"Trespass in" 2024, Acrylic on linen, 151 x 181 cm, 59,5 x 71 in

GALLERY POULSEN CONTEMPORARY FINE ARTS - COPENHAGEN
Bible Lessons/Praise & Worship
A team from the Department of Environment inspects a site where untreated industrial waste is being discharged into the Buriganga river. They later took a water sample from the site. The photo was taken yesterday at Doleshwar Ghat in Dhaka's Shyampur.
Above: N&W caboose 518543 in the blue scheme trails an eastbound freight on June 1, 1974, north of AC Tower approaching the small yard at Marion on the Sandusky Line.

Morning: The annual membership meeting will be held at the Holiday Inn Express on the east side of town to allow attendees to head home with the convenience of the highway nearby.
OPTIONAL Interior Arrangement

· · · · ·

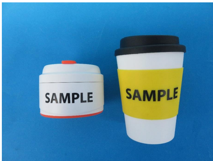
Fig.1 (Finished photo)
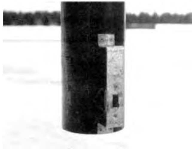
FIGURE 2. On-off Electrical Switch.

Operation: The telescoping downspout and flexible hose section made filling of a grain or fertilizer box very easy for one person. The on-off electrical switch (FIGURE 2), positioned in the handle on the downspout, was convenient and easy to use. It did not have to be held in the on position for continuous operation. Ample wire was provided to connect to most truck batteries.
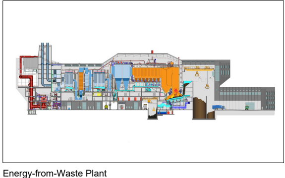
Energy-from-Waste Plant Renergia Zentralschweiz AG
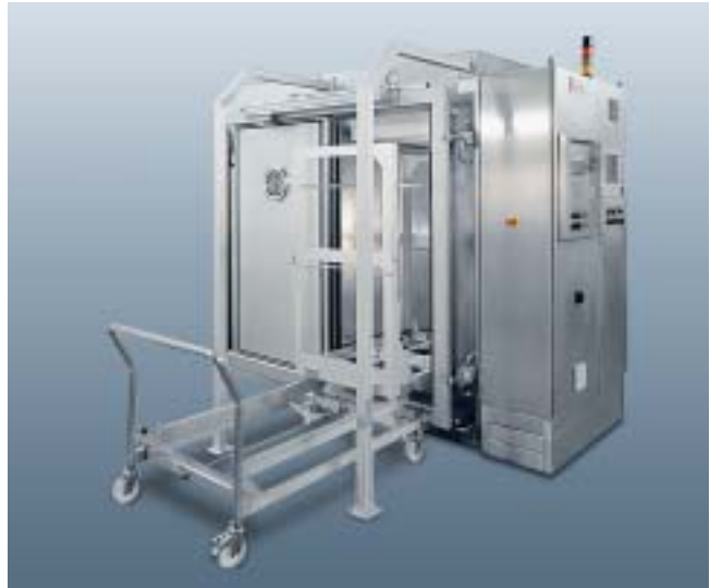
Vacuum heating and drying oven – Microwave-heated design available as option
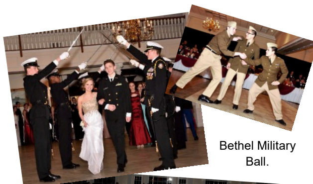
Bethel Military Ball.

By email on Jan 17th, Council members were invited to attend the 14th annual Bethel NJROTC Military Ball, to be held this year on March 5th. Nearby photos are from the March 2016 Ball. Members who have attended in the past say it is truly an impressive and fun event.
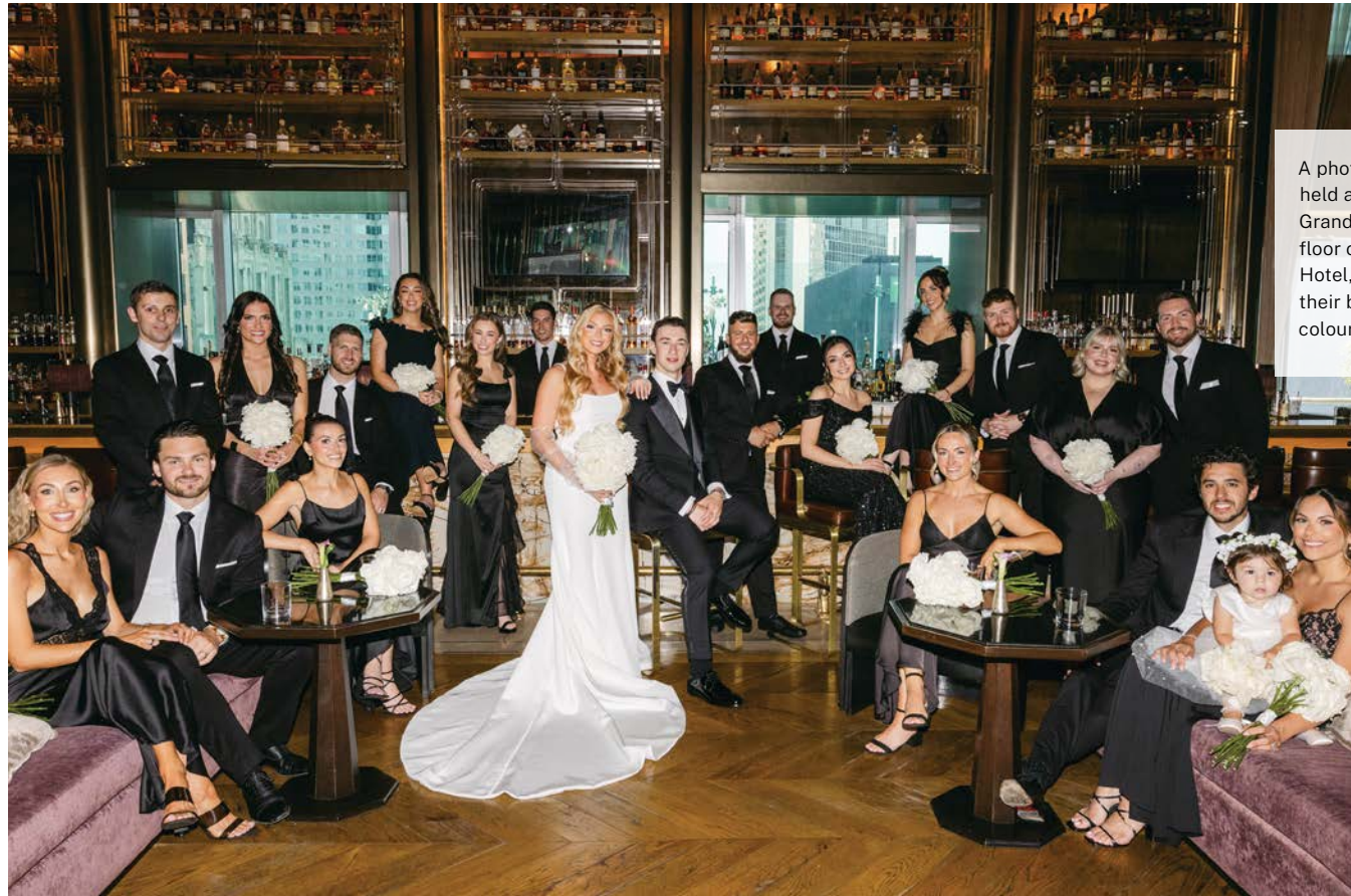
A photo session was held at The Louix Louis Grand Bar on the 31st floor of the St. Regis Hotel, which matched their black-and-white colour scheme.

· · · · ·

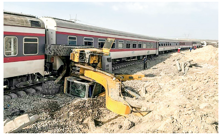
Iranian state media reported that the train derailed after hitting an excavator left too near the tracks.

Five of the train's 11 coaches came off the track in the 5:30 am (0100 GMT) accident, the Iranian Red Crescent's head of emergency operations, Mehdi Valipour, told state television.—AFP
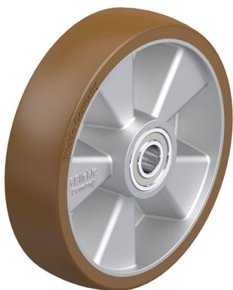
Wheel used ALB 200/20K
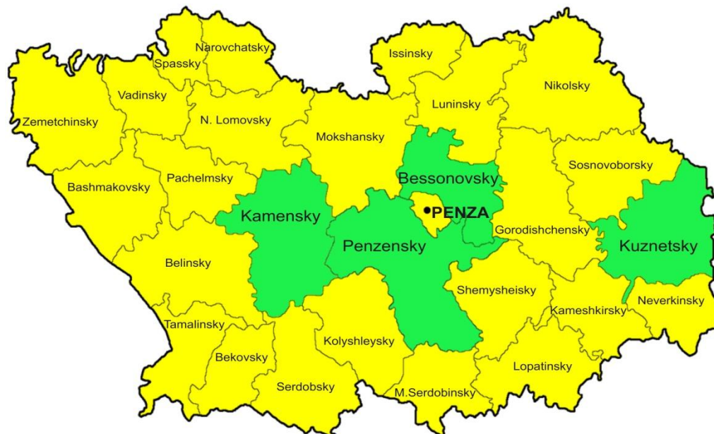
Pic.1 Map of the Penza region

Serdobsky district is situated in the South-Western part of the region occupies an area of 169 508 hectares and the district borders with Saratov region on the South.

· · · · ·

◆ Assignment ◆
A line belongs in the answer if it contains the word "annual"; copy every such line from the data above.

◆ Solution for this problem ◆
Morning: The annual membership meeting will be held at the Holiday Inn Express on the east side of town to allow attendees to head home with the convenience of the highway nearby.
By email on Jan 17th, Council members were invited to attend the 14th annual Bethel NJROTC Military Ball, to be held this year on March 5th. Nearby photos are from the March 2016 Ball. Members who have attended in the past say it is truly an impressive and fun event.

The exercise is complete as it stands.